What is expected: The result should be the listing below restated word for word, with images left out.

Dataset entries:
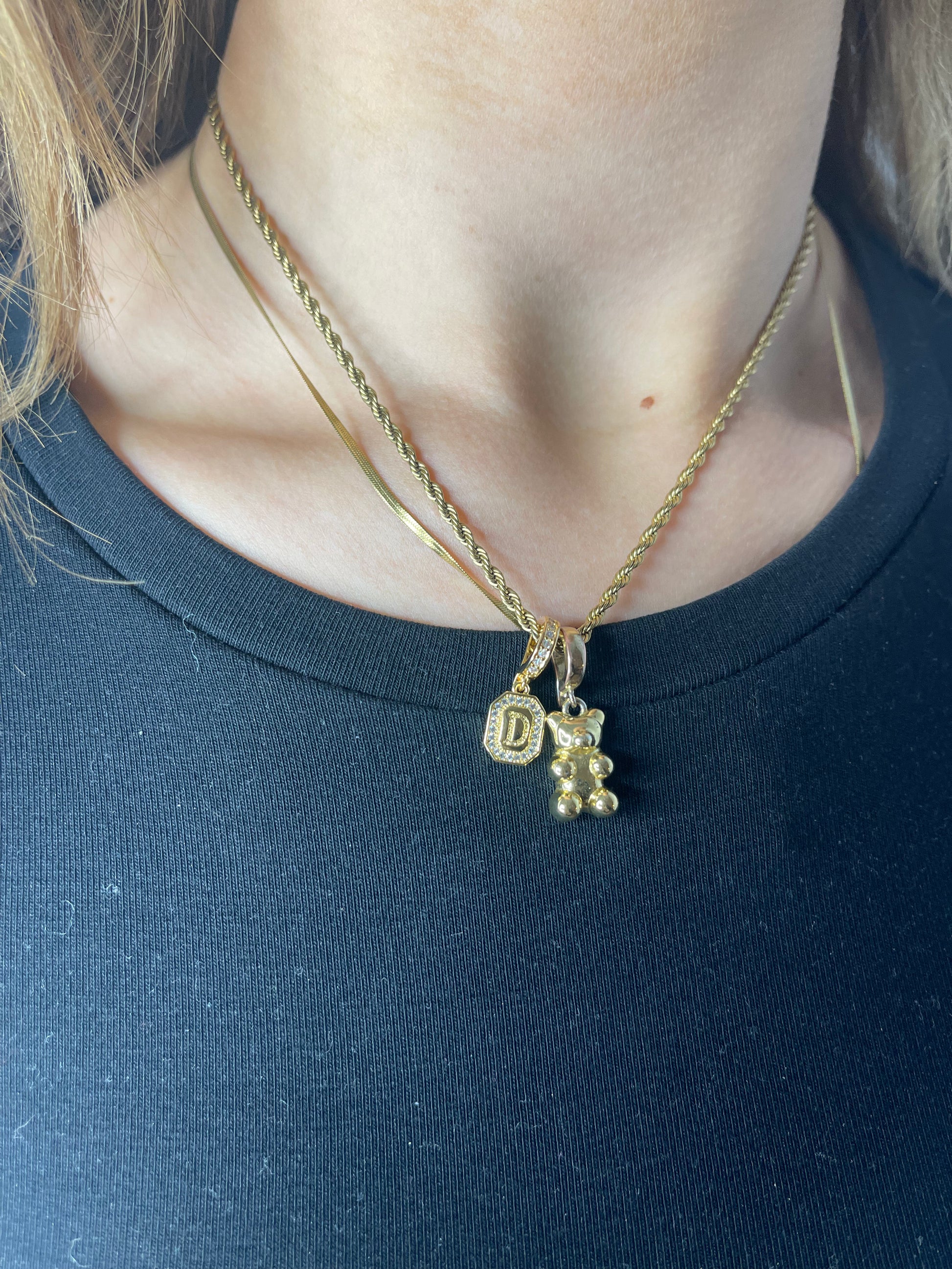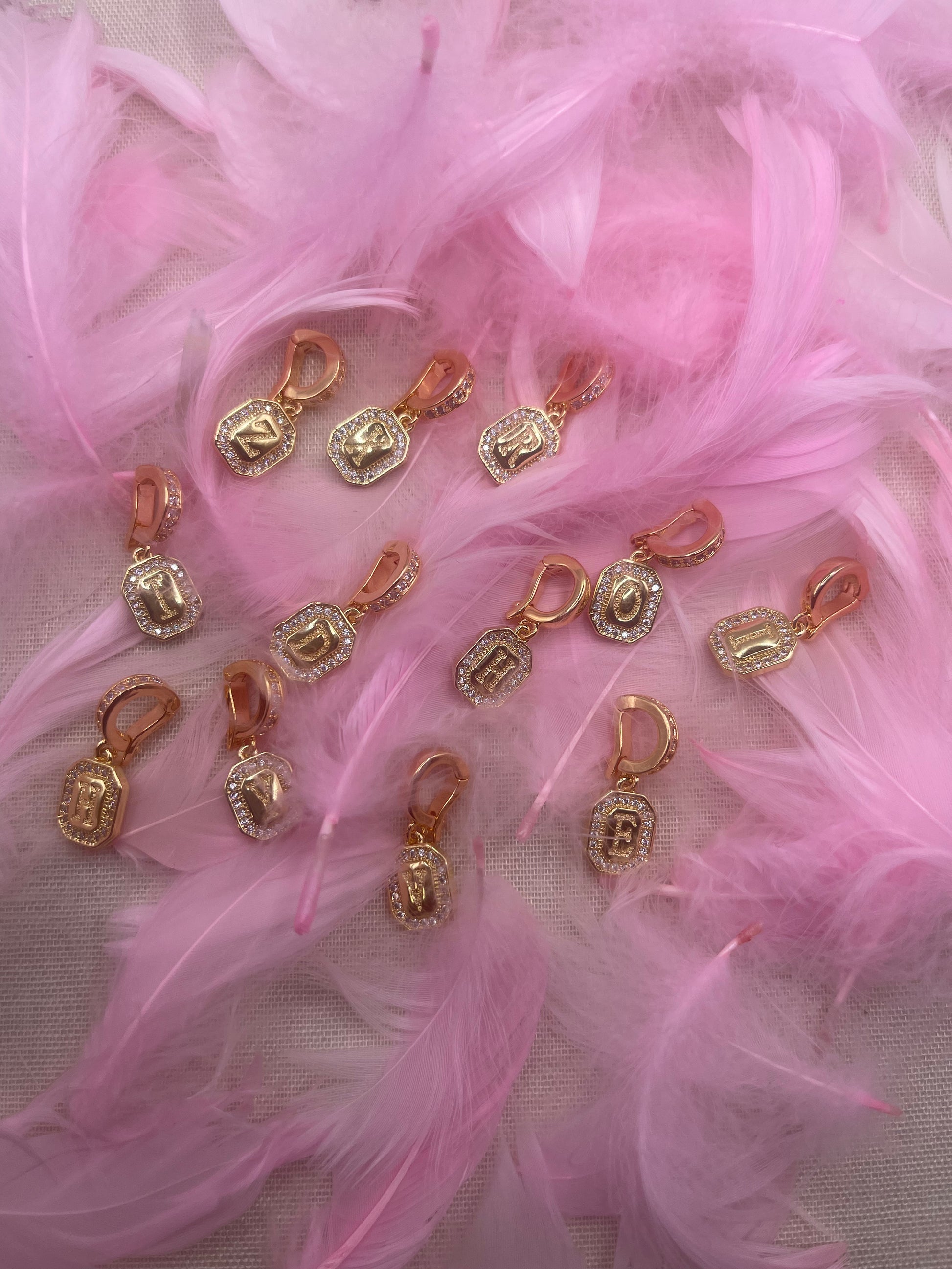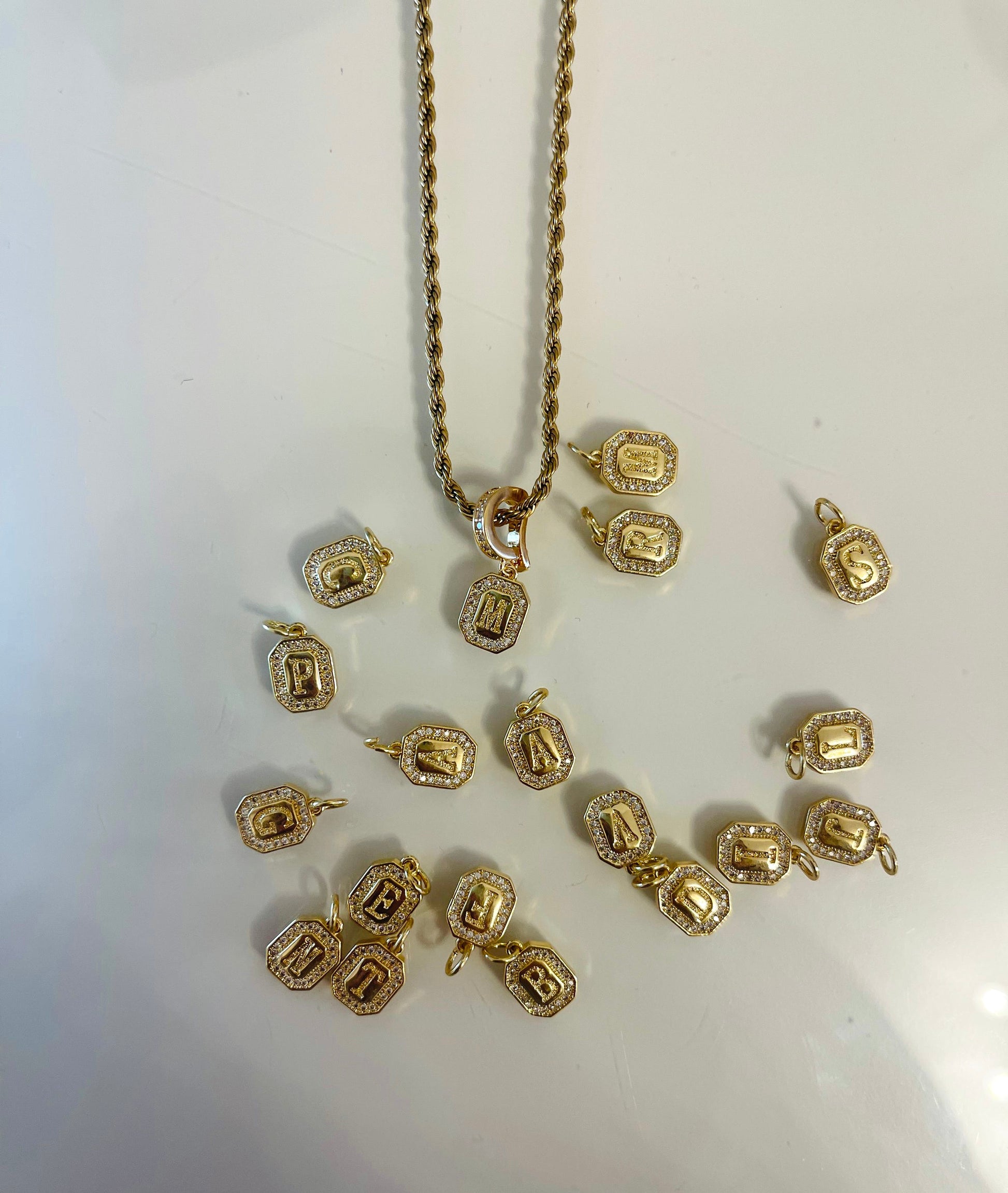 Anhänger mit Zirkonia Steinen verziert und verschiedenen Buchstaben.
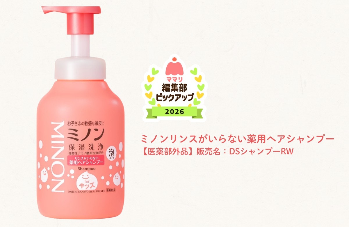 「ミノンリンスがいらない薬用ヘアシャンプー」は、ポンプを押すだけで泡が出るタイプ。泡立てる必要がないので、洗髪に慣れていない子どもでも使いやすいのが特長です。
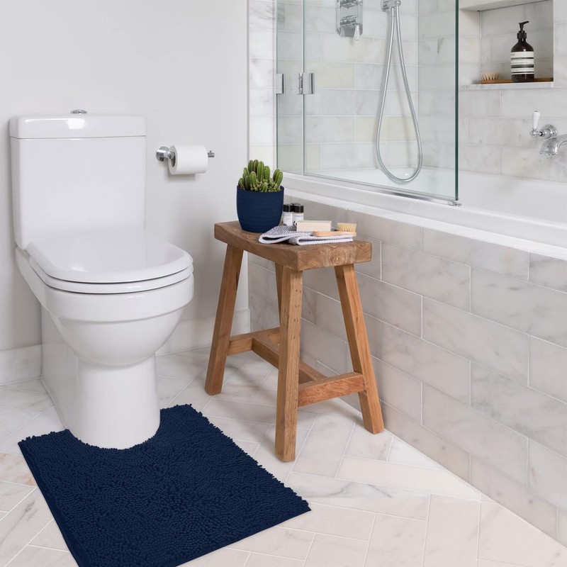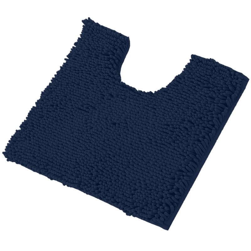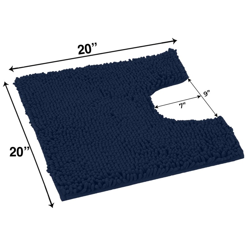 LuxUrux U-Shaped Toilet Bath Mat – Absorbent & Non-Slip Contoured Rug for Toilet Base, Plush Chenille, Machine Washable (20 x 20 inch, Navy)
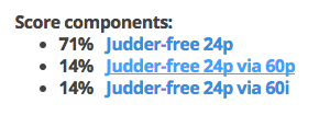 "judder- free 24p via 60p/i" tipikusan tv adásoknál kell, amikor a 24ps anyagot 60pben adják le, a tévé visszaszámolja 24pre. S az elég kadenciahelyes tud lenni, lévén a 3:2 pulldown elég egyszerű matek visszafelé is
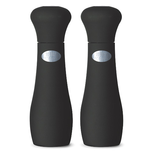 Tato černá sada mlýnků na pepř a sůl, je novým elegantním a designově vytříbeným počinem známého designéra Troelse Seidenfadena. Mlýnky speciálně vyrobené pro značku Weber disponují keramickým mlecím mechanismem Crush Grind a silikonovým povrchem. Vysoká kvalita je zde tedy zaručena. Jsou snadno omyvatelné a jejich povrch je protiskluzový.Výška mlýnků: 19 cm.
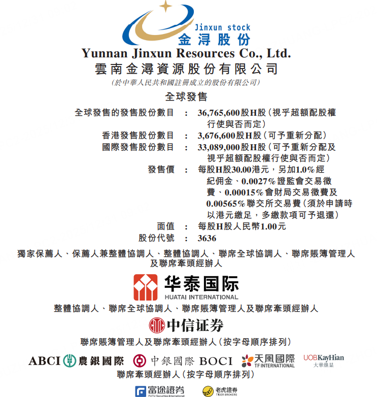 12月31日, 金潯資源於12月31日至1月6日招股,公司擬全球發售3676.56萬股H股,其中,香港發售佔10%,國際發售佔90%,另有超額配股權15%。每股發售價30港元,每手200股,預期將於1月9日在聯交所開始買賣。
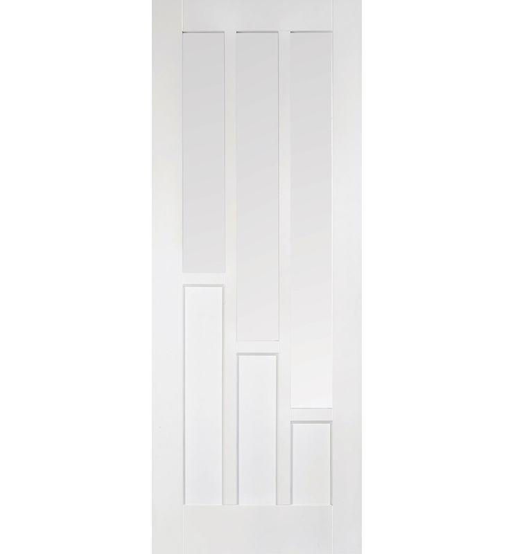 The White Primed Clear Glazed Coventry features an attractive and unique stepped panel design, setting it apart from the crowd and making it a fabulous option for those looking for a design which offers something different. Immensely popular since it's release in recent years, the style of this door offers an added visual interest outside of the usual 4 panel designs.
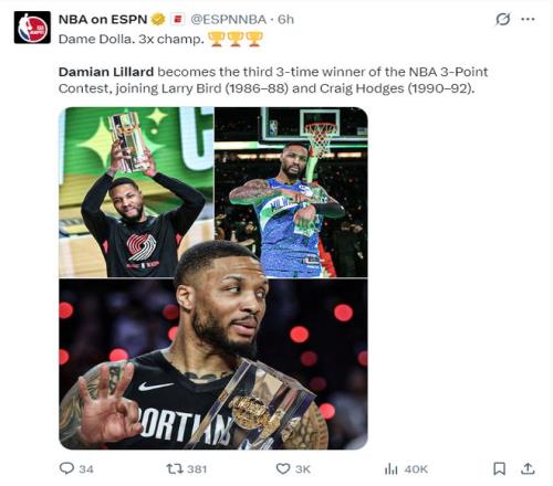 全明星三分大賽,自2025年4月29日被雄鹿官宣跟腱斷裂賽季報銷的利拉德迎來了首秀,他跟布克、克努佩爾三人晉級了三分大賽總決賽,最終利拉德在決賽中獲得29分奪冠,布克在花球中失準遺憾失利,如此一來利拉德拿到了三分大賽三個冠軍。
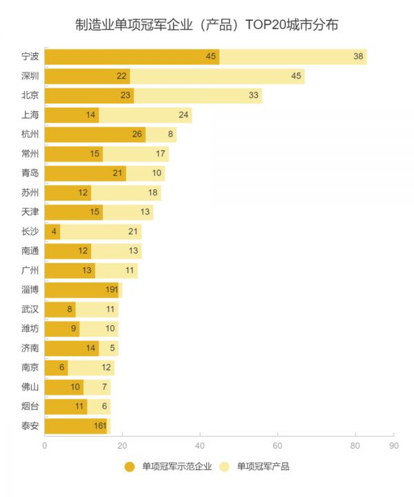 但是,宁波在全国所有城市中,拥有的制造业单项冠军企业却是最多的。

Answer box:
 Anhänger mit Zirkonia Steinen verziert und verschiedenen Buchstaben.
 「ミノンリンスがいらない薬用ヘアシャンプー」は、ポンプを押すだけで泡が出るタイプ。泡立てる必要がないので、洗髪に慣れていない子どもでも使いやすいのが特長です。
 LuxUrux U-Shaped Toilet Bath Mat – Absorbent & Non-Slip Contoured Rug for Toilet Base, Plush Chenille, Machine Washable (20 x 20 inch, Navy)
 "judder- free 24p via 60p/i" tipikusan tv adásoknál kell, amikor a 24ps anyagot 60pben adják le, a tévé visszaszámolja 24pre. S az elég kadenciahelyes tud lenni, lévén a 3:2 pulldown elég egyszerű matek visszafelé is
 Tato černá sada mlýnků na pepř a sůl, je novým elegantním a designově vytříbeným počinem známého designéra Troelse Seidenfadena. Mlýnky speciálně vyrobené pro značku Weber disponují keramickým mlecím mechanismem Crush Grind a silikonovým povrchem. Vysoká kvalita je zde tedy zaručena. Jsou snadno omyvatelné a jejich povrch je protiskluzový.Výška mlýnků: 19 cm.
 12月31日, 金潯資源於12月31日至1月6日招股,公司擬全球發售3676.56萬股H股,其中,香港發售佔10%,國際發售佔90%,另有超額配股權15%。每股發售價30港元,每手200股,預期將於1月9日在聯交所開始買賣。
 The White Primed Clear Glazed Coventry features an attractive and unique stepped panel design, setting it apart from the crowd and making it a fabulous option for those looking for a design which offers something different. Immensely popular since it's release in recent years, the style of this door offers an added visual interest outside of the usual 4 panel designs.
 全明星三分大賽,自2025年4月29日被雄鹿官宣跟腱斷裂賽季報銷的利拉德迎來了首秀,他跟布克、克努佩爾三人晉級了三分大賽總決賽,最終利拉德在決賽中獲得29分奪冠,布克在花球中失準遺憾失利,如此一來利拉德拿到了三分大賽三個冠軍。
 但是,宁波在全国所有城市中,拥有的制造业单项冠军企业却是最多的。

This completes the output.